Interrogativi attendono risposta

Bata - Via Roma - Acri

Ho un dubbio atroce e vorrei che qualcuno qualificato mi eviti delle notti insonni.

Un ritrovamento archeologico casuale può dirsi completo, definito, definitivo, esauriente ecc. ecc.;

o, al contrario, ci si deve chiedere, ad esempio: – Che fine fecero quei discendenti di chi s’insediò sul Colle Dogna? Emigrarono? Rimasero nei pressi? Quando emigrarono nel colle Padia? –

Il mio dubbio pone tanti interrogativi.

Mi chiedo, perciò: – L’archeologia può fare a meno della Storia? Può fare a meno dello studio dei toponimi?; dello studio del dialetto ecc.? -.

A quanto sembra la risposta dovrebbe essere negativa per alcuni. Lo è per tutti?

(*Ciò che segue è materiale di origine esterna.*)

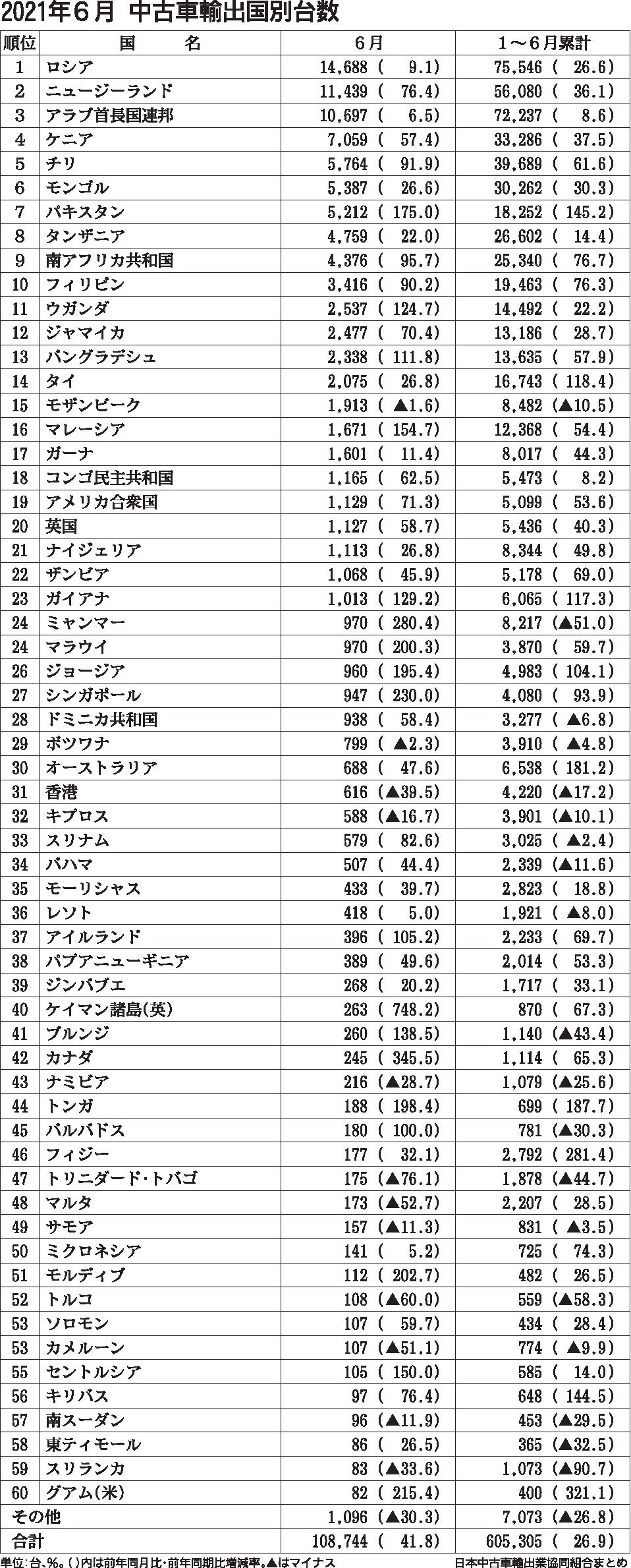 日本中古車輸出業協同組合(佐藤博理事長)がまとめた2021年上期(1~6月)の中古車輸出台数は、前年同期比26・9%増の60万5305台だった。上期として前年実績を上回ったのは2年ぶりとなる。前年の国内外における新型コロナウイルス感染拡大...

O no?

Ecco, gli interrogativi mi sommergono e mi assillano.

Dalle parti nostre, dove i tuttologi non mancano e se mancano li importiamo, qualcuno ha sputato la sentenza: – Acri è colonia greca, perché il nome lo dice -.

Domandiamo, però, a chi sa di greco: – Acri è Acra? -. Quest’ultima, dicono,, significhi sommità e Padia, primo insediamento, sorge su una sommità -.

Una piccola obiezione: – Ma Acri non è acra o sbagliamo? –

Andreotti di Loria, in un articolo riportato in un mio scritto, infatti, è di diverso avviso.

È ormai chiaro che prima dei Greci popolarono Acri altre etnie.

Questo non solo ce lo dice il buon senso, ma ce lo dicono, ad esempio, tracce del linguaggio osco nel vecchio dialetto acritano.

Allora, richiedo: – L’archeologia può fare a meno del concorso e dell’appoggio di quanto detto in apertura? –

Voglio, ancora, dire qualcosa: – Un toponimo ci conferma la presenza di coloni Osci nell’abitato di Acri -.

La storia, ancora, ci viene in soccorso per farci capire, perché i nostri antenati si rifugiarono in Padia. Ce lo precisa un noto autore medioevale.

Allora: – Conoscere un territorio significa solo il rinvenimento, casuale o meno, di reperti archeologici o al ritrovamento bisogna far seguire o far precedere uno studio delle branche suddette?

Se questo è vero, perché non lo si fa? Ci vengono dubbi atroci che, però, per amor di patria taciamo, ma una risposta, anche se minima, dovremmo averla.

Qualcuno mi farà salire dal limbo in cui mi trovo e mi dirà: – Sei un folle! -, cosa fatta altra volta, ma il tempo, purtroppo per costoro e per buona sorte, mi ha dato ragione. O, forse, mi dirà: – Hai ragione! -. In quest’ultimo caso ringrazio.

Se ho ragione chiedo, a chi non ha idee preconcette: – Perché, allora, non si mette in atto un lavoro, che veda un concorso congiunto di chi si occupa delle varie materie, per cercare di dare a me – e a chi ritiene che le mie argomentazioni non siano pura follia -, una qualche risposta? -.

Solo così potremmo, per dirla con Dante: veder lo cielo!